Louisiana officials propose NIST‑based cybersecurity standards, reimbursement for noncompliance after incidents

Mike Poche, director of intergovernmental affairs for the Louisiana National Guard, briefed the task force on proposed legislation to (1) give the GOSEP director rulemaking authority to codify baseline cybersecurity standards in the Louisiana Administrative Code and (2) require publicly funded entities that receive ESF‑2 assistance after an incident to reimburse the state if they are found not to have complied with those standards.

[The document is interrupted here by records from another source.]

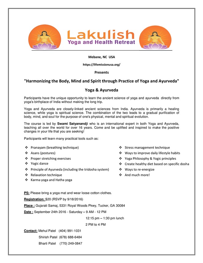 Lakulish Yoga and Health Retreat presents
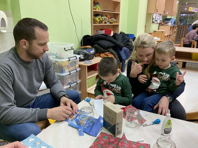 Praznično – ustvarjala delavnica s starši, v oddelku 1 - 3 let in 3 - 6 let, nas je popeljala v čarobnost decembrskih dni. Otroci so si skupaj s starši izdelali čudovite laterne, ki jim bodo služile na pohodu. Ves čas je vladalo prijetno ustvarjalno vzdušje. Več pa si lahko ogledate v galeriji.
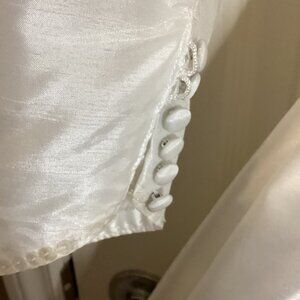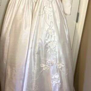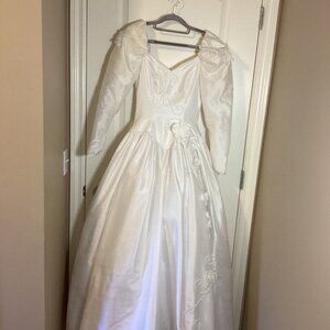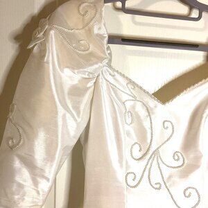 White Wedding Dress Long Sleeves Small Trail Flowers Beads Big Bow Bridal
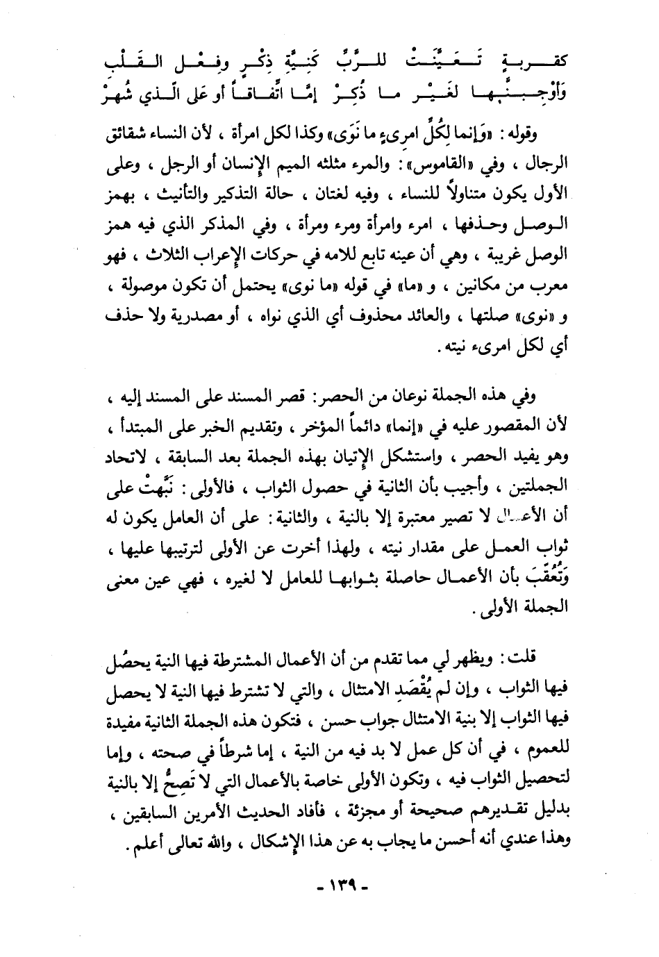 قلت: ويظهر لي مما تقدم من أن الأعمال المشترطة فيها النية يحصُل فيها الثواب، وإن لم يُقْصَدِ الامتثال، والتي لا تشترط فيها النية لا يحصل فيها الثواب إلا بنية الامتثال جواب حسن، فتكون هذه الجملة الثانية مفيدة للعموم، في أن كل عمل لا بد فيه من النية، إما شرطًا في صحته، وإما لتحصيل الثواب فيه، وتكون الأولى خاصة بالأعمال التي لا تَصِحُّ إلا بالنية بدليل تقديرهم صحيحة أو مجزئة، فأفاد الحديث الأمرين السابقين، وهذا عندي أنه أحسن ما يجاب به عن هذا الإشكال، والله تعالى أعلم.

Poche said the standards would be NIST‑based and consistent with OTS practices. He described the measure as designed to encourage adoption of baseline cybersecurity hygiene, not to remove ESF‑2's response role. He estimated private contractor incident cleanup costs at approximately $1 million to $3 million per incident and said ESF‑2 had responded to about 200 incidents in the state from 2019 through early 2025.

ESF‑2 cybersecurity director Steven Durell said on‑site evaluations take roughly four to six weeks to schedule. Legislators asked practical implementation questions—how small entities would pay, whether there would be a future effective date to allow ramping up, and how the National Guard cyber protection team fits in. Poche and Durell described existing support (multi‑agency ESF‑2 teams, OTS, Louisiana State Police and National Guard assistance) and emphasized that the bill seeks published standards and post‑incident reimbursement only when noncompliance is identified.

Members said they want to ensure small water districts and other local entities can meet standards without undue cost and asked staff to map implementation timelines and enforcement options. No vote was taken at the hearing.